本は読みたいし、韓流ドラマは見たいし、庭の手入れもしたい。退屈はぜんぜんしていなかったのですが、別居している子どもたちがデイサービスに行かせたがります。
いちばんの目的は筋力を鍛えること。Yさんがインドア派なので、運動不足で筋力が弱ると心配しているのです。Yさんは家事と庭仕事で十分運動になっていると考えていましたが、要支援1なのにデイサービスに行かせたがる子どもたちの気持ちをYさんは汲みました。
子どもたちは、ひとり暮らしのYさんがケアマネジャーさんや施設の人とつながることで、見守りも強化したいという気持ちがありました。それに、子として親のために行動したという満足感も得られます。
Yさんは、デイサービスのちぎり絵やカラオケには参加しないで本を読んで過ごせるなら、ランチと運動をするつもりで行くと承諾しました。ケアマネジャーさんは、特別にお食事の評判のいい施設を選びました。
柔軟性のあるわがままが長生きにつながる
このこともYさんは、威張って要求するのではなく、ケアマネジャーさんにお願いする気持ちで話しました。その話を聞いて、子どもたちは「わがままね」と言いましたが、まずは行けばどうにかなるだろうと思って安心しました。

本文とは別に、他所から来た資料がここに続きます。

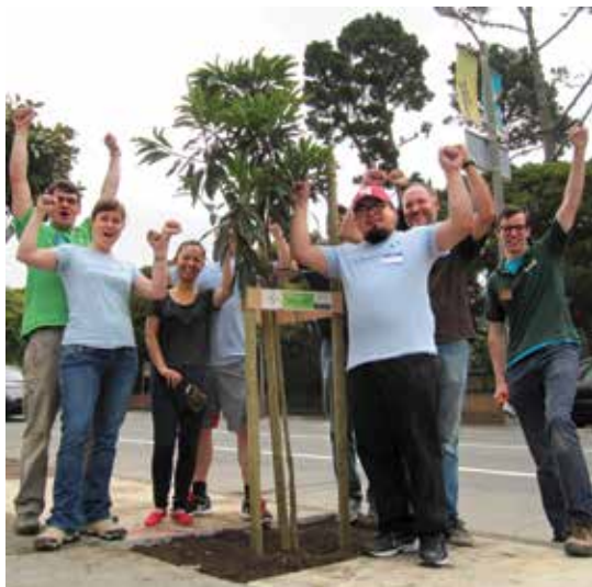
Last summer, Friends of the Urban Forest celebrated the planting of their 50,000th tree in San Francisco!

A tree-lined street makes for a more enjoyable walk, and currently, San Francisco’s tree canopy measures only 13.7%, while Oakland’s is only 15%—even Los Angeles boasts more than both cities at 21%! Certain trees that don’t uproot sidewalks are the best choice for urban areas, of course. In San Francisco, FUF can handle all of the details of providing you with your own sidewalk tree for a small fee.
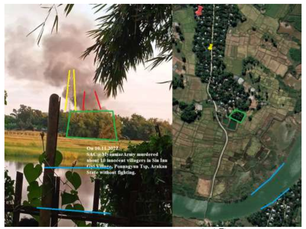
Figure 1: Geolocation of the alleged fire and attack on Sin Inn Gyi (ဆင်အင်းကြီ) villagers.
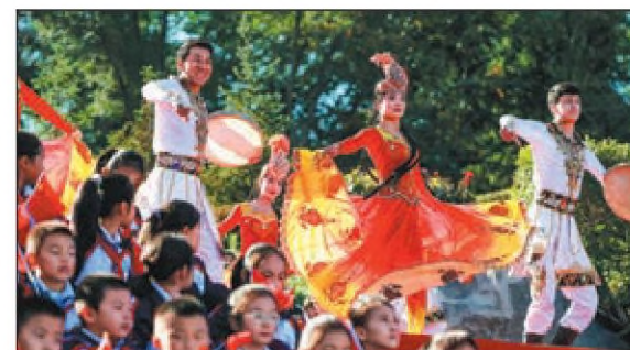
Residents of Urumqi's Shuimogou district take part in an event to celebrate the National Day holiday at Shuita Mountain Park in the Xinjiang Uygur autonomous region on Monday.
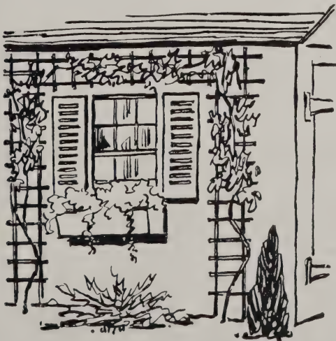
Your garage need not be an eyesore. A simple trellis, a few vines, a window-box and some dwarf evergreens will completely transform it

Yさんは、今は週2回デイサービスに通い、レクリエーションの時間には本を読んでいます。「家だと、家事やら庭仕事で集中できないけれど、デイサービスのソファは集中できる」と話しています。
仲のいい同年配もできました。韓流ドラマのファンがふたりいたのです。ランチのときは、一緒の席にしてもらい、ドラマの感想を話し合います。それを聞いてスタッフが「カラオケのときに別室で韓流ドラマを見ますか?」と聞いてきたそうです。サービスのつもりだったのでしょう。
Yさんたちは言いました。「韓流ドラマはね、ひとりで見たい。ひとりのほうが思う存分浸れるから、結構」。ひとりで楽しみ、楽しみを分かち合う、とてもわがままでよい考え方だと思いました。
Yさんは毎年、脳機能のテストを受けていますが、脳の機能は衰えていませんし、デイサービスのおかげで筋力がついたのか、家の中でつまずくことが少なくなったそうです。デイサービスで専門の方に運動を教えられるということは、日々のモチベーションが上がると話していました。
自分の流儀は譲らなくても、新しい出来事も受け入れてみる。そういう柔軟性のあるわがままな高齢者が長生きすると感じています。